Rassenvorurteile waren den meisten von ihnen fremd.
Im Sommer des Jahres 1940 wurde Stefan Bolewski
formell aus der Kriegsgefangenschaft entlassen und in den Status eines
Zivilarbeiters versetzt. Das hieß jedoch nicht, dass er sich frei bewegen
durfte, außerdem waren Arbeitskräfte wie er verpflichtet, auf unbegrenzte Zeit
im Deutschen Reich zu arbeiten. Das bedeutete, dass sie rechtlose Sklaven waren,
die Pflichten, aber keinerlei Rechte hatten. Der deutschen Bevölkerung war es
in ihrer Mehrheit völlig gleichgültig, wie mit den Menschen umgegangen wurde.
Die Nazipropaganda war unablässig bemüht, den Leuten weiszumachen, dass die Polen
selbst an ihrem Schicksal schuld seien. Dazu trugen Hetzfilme von der übelsten
Sorte bei, in denen die polnische Bevölkerung als durchweg bösartig und grausam
dargestellt wurde.
Es wurde viel gestorben in jener Zeit, und den Nazis
kam es auf einen Mord mehr oder weniger nicht an. Dabei spielten die
staatlichen Organe wie Polizei und Justiz, sowie Rundfunk und die Presse eine
nicht unerhebliche Rolle.
Denunziantentum wurde zur Tugend erhoben und nahm die
ungewöhnlichsten Formen an. Wer Auslandssender hörte und dabei ertappt wurde,
musste mit drakonischen Strafen rechnen. Ja, es gab Fälle, wo Menschen wegen
eines politischen Witzes in ein Konzentrationslager gesteckt wurden.
Im Sommer 1940 erhielt Stefan Bolewski auf dem Bauernhof,
wo er beschäftigt war, eine eigene Kammer. Das war für ihn schon eine
erhebliche Verbesserung seiner Lebensumstände. Allerdings musste er sich streng
an die Verordnungen halten, die den polnischen Zwangsarbeitern auferlegt waren.

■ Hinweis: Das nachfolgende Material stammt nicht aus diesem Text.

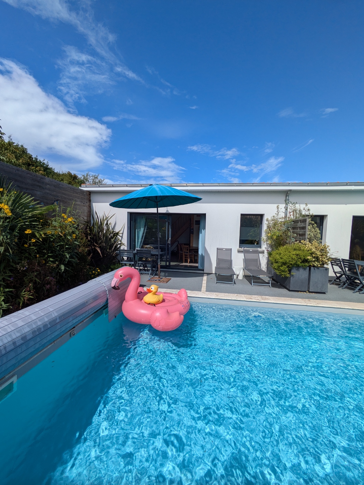 Situé en deuxième position face à la piscine. Vous avez votre terrasse privée avec sa table et ses chaises extérieures.

Ihnen wurden rigoros die elementarsten Menschenrechte vorenthalten.
Sie sollten, wenn es nach den Vorschriften ging, nicht
einmal mit den Bauern, bei denen sie arbeiteten, an einem Tisch essen; es
sollte sogar extra für sie gekocht werden, was sich in der Praxis jedoch in den
seltensten Fällen verwirklichen ließ. Stefan Bolewski war mit der Behandlung
auf dem Bauernhof, dem er zugewiesen wurde, recht zufrieden. Er hatte manche
Vergünstigung und die Verpflegung war der schweren Arbeit angemessen. Wie alle Gefangenen
träumte er von den Eltern und Geschwistern, von der Rückkehr in die Heimat.

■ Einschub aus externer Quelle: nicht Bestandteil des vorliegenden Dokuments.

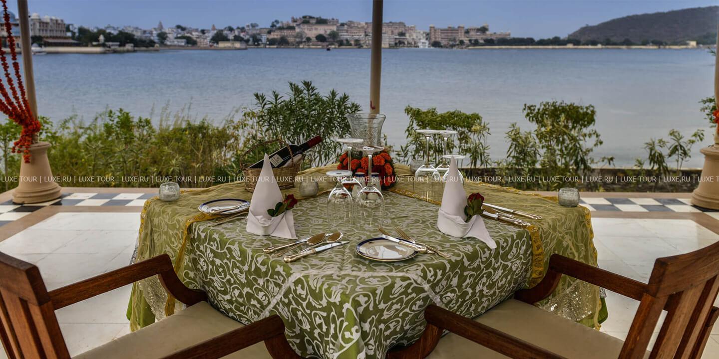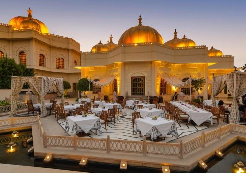 В элегантном ресторане Udaimahal, воссоздающим интерьеры королевского дворца, сервируют изысканные ужины при свечах, где представлено разнообразие деликатесов Раджастхана, северо-индийской и традиционной индийской кухонь.

Eines Tages würden die Deutschen mit dem Krieg aufhören, dabei war es ihm
gleichgültig, ob seine Heimat zu Polen oder Deutschland gehören würde.
Den elterlichen Hof würde er übernehmen und
wirtschaften wie seine Vorfahren, die deutsche Staatsbürger waren. Solange,
sagte er sich, werde ich arbeiten und mir nichts zuschulden kommen lassen. Der
Bauer war mit ihm und seiner Leistung zufrieden, und weil Stefan Bolewski eine
gute Auffassungsgabe hatte, lernte er schnell viele deutsche Begriffe.
Auf dem gleichen Hof war eine deutsche Landarbeiterin
beschäftigt, deren Mann zur Wehrmacht eingezogen war, sie hatte zwei Kinder.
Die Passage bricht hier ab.